= Supplied records =
____________________

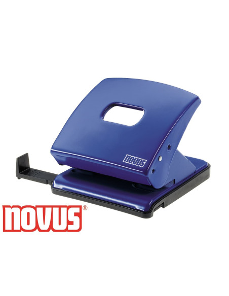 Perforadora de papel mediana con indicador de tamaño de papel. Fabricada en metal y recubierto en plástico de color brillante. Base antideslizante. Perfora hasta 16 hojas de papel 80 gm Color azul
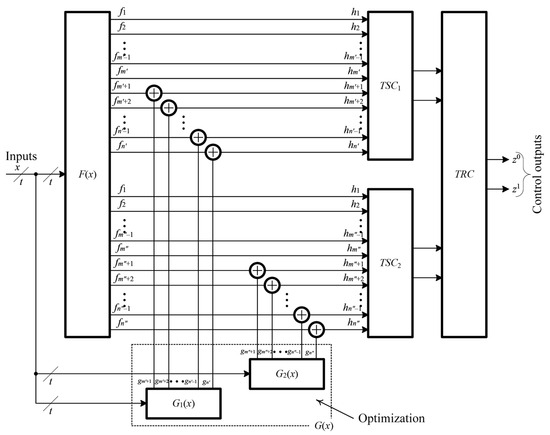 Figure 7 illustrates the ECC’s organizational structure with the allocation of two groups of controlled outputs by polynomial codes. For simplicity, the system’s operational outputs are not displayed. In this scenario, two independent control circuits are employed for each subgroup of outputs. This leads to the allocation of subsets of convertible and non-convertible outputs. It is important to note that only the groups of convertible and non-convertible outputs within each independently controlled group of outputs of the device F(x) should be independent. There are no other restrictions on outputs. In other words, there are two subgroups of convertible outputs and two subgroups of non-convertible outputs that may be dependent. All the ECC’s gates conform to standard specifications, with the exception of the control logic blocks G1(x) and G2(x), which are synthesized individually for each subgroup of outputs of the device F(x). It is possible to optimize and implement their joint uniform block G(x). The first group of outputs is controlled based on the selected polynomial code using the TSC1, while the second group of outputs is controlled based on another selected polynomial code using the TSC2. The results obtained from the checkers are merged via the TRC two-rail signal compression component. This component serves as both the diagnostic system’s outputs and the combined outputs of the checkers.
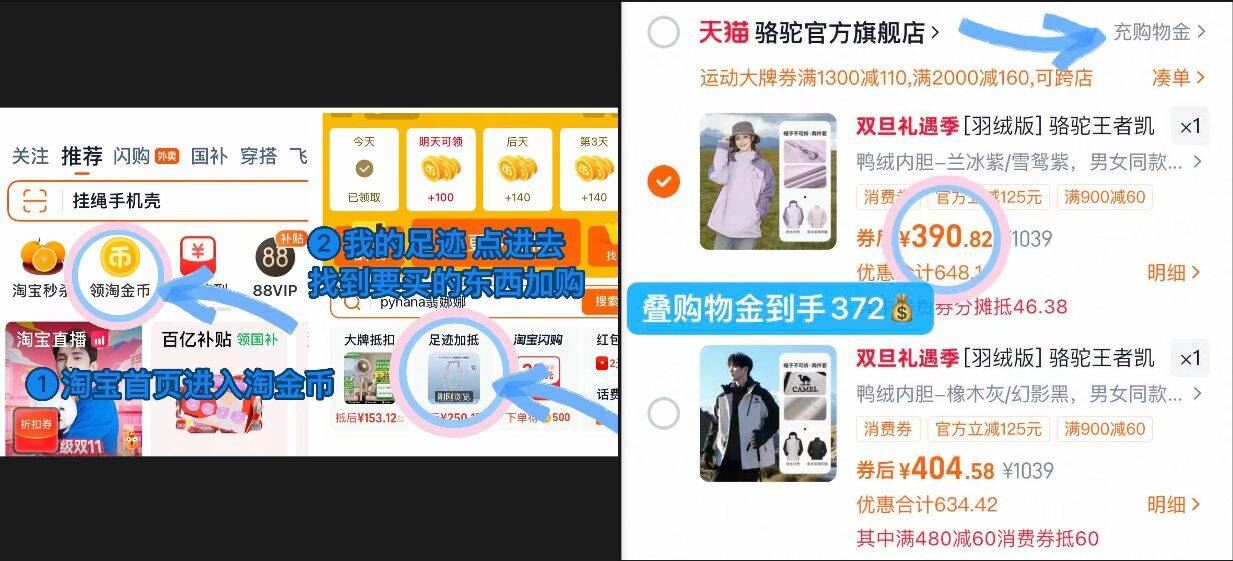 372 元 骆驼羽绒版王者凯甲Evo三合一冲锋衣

____________________

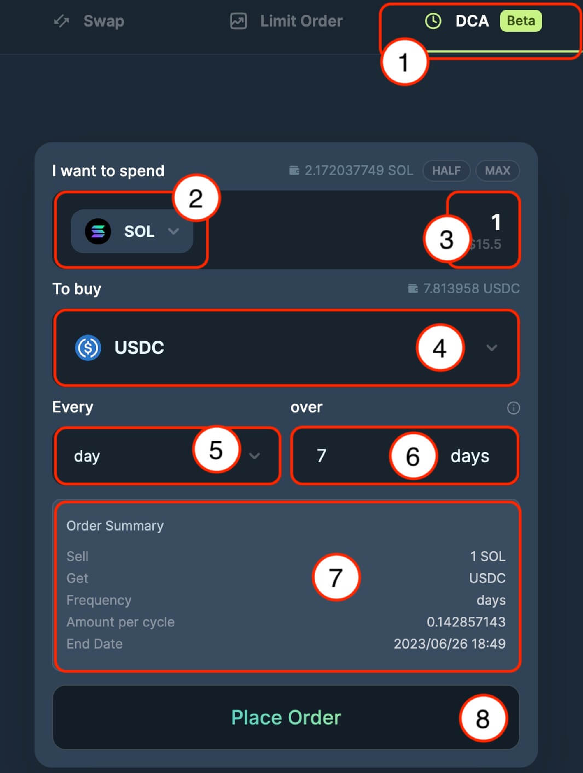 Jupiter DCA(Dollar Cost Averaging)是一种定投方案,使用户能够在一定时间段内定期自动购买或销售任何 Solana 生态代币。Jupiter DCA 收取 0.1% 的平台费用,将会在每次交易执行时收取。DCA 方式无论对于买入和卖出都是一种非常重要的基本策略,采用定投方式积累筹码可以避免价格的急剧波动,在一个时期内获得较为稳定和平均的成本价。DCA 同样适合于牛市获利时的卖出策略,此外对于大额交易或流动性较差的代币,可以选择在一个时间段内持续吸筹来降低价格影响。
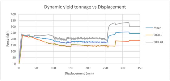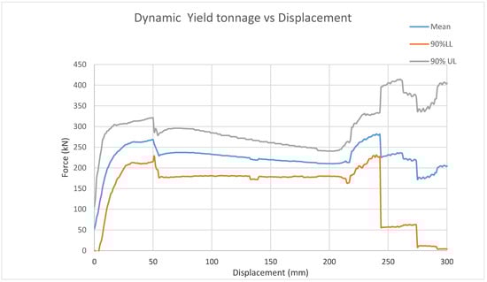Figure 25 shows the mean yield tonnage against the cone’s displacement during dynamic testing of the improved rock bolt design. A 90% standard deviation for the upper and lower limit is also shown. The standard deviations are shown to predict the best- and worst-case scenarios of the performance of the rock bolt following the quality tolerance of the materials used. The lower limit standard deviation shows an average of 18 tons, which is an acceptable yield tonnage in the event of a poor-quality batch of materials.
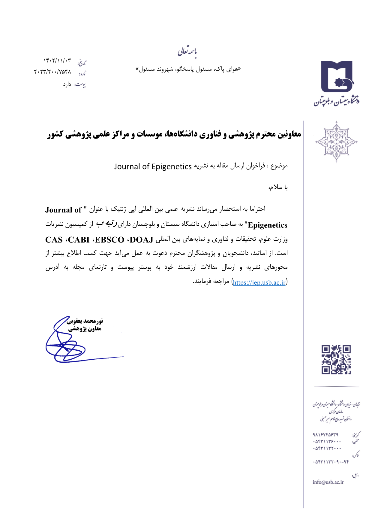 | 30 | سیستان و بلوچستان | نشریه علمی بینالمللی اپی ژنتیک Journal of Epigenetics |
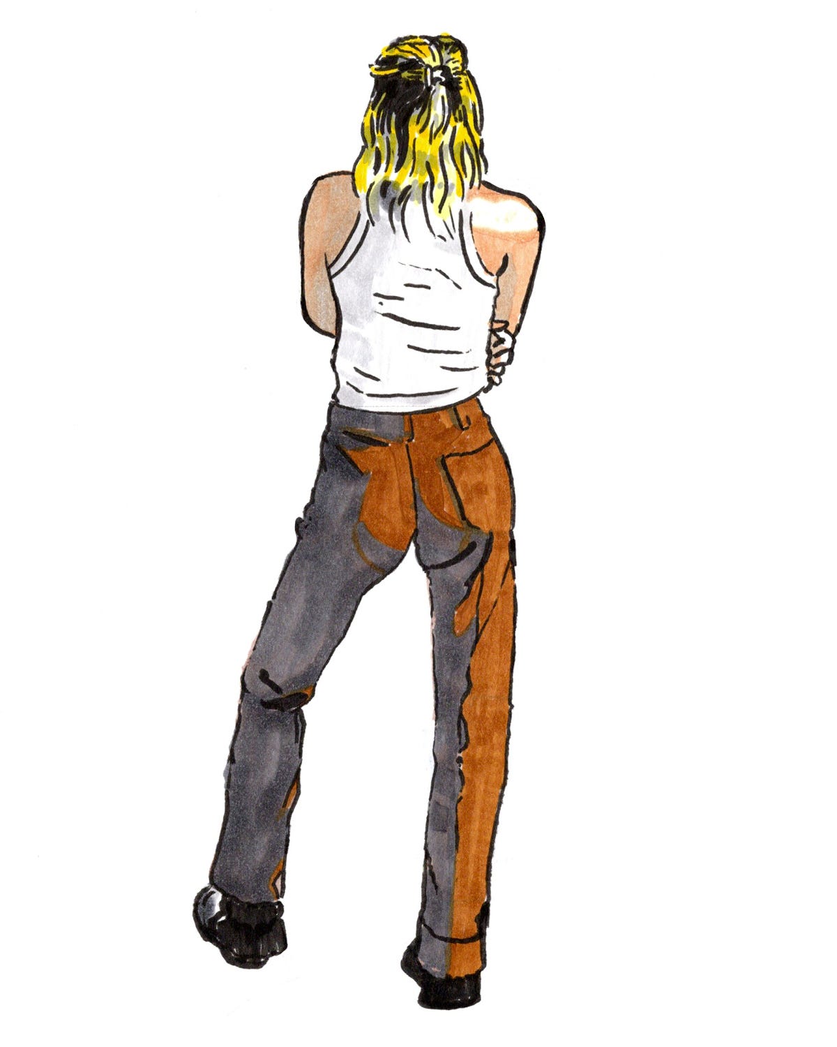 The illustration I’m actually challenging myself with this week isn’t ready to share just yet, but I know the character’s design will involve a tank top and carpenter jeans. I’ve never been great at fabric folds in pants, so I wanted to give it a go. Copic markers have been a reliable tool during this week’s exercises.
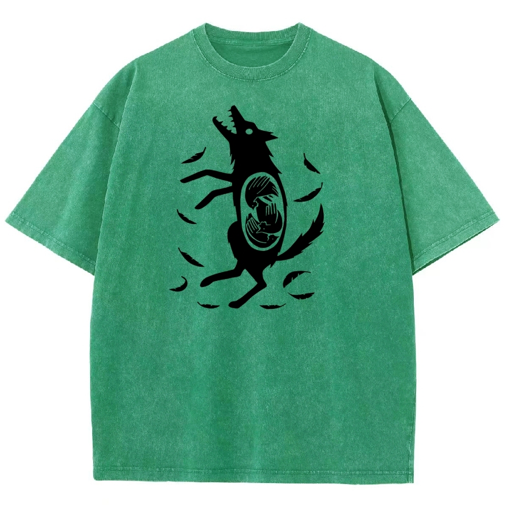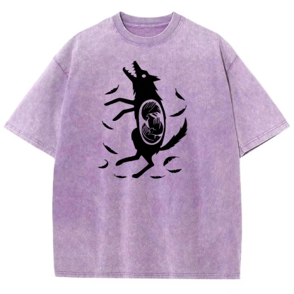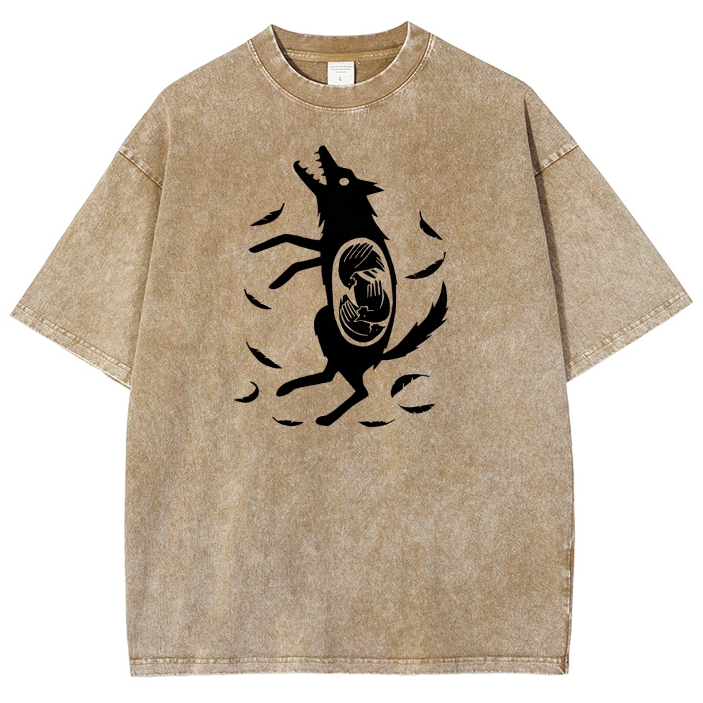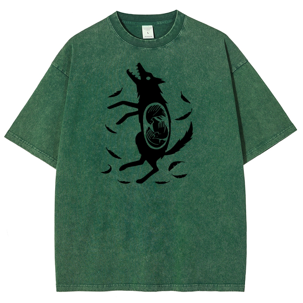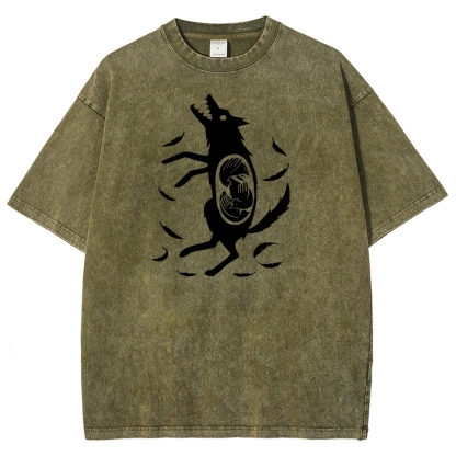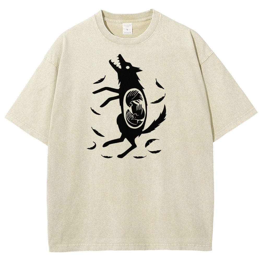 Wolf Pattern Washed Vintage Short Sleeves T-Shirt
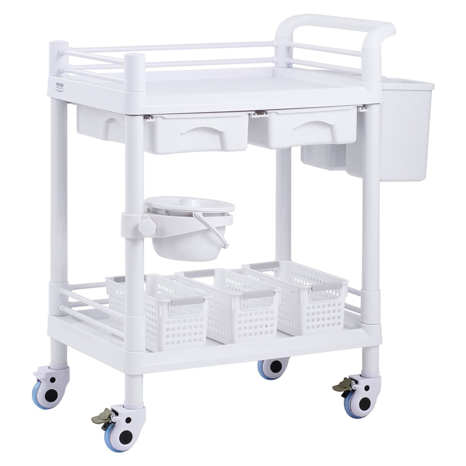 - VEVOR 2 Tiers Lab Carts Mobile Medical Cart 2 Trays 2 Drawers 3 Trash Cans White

____________________

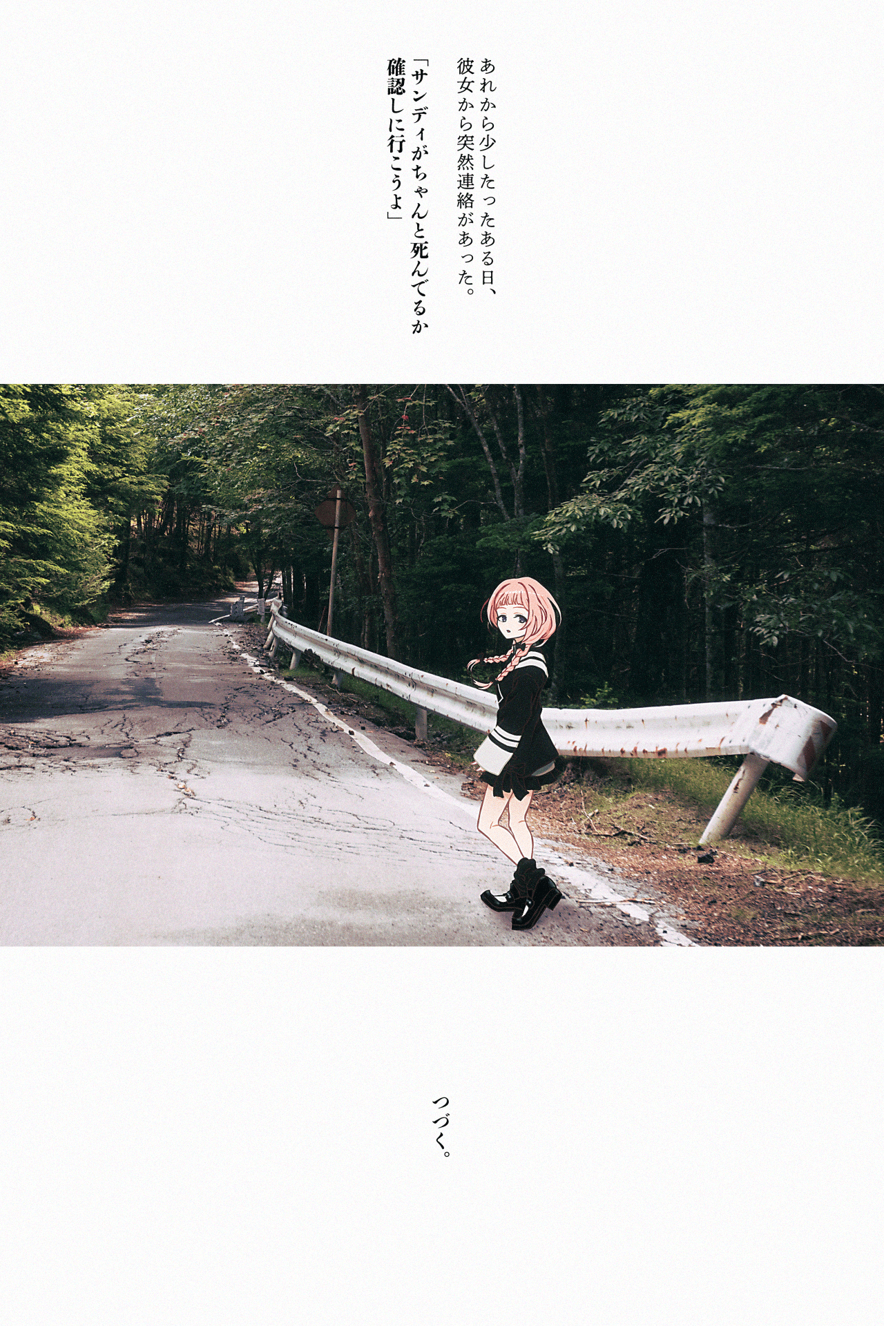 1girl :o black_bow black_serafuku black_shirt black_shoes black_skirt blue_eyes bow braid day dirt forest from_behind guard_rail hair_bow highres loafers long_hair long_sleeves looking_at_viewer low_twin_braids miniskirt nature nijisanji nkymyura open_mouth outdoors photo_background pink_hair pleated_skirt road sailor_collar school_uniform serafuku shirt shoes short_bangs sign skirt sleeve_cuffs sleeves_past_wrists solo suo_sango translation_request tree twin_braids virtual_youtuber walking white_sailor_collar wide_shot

____________________

= What is required =
Take the entries above and copy exactly the lines starting at the one with "Wolf Pattern Washed" and ending at the one with "- VEVOR 2 Tiers"; nothing outside that span, and no pictures.

= Solution to the exercise =
 Wolf Pattern Washed Vintage Short Sleeves T-Shirt
 - VEVOR 2 Tiers Lab Carts Mobile Medical Cart 2 Trays 2 Drawers 3 Trash Cans White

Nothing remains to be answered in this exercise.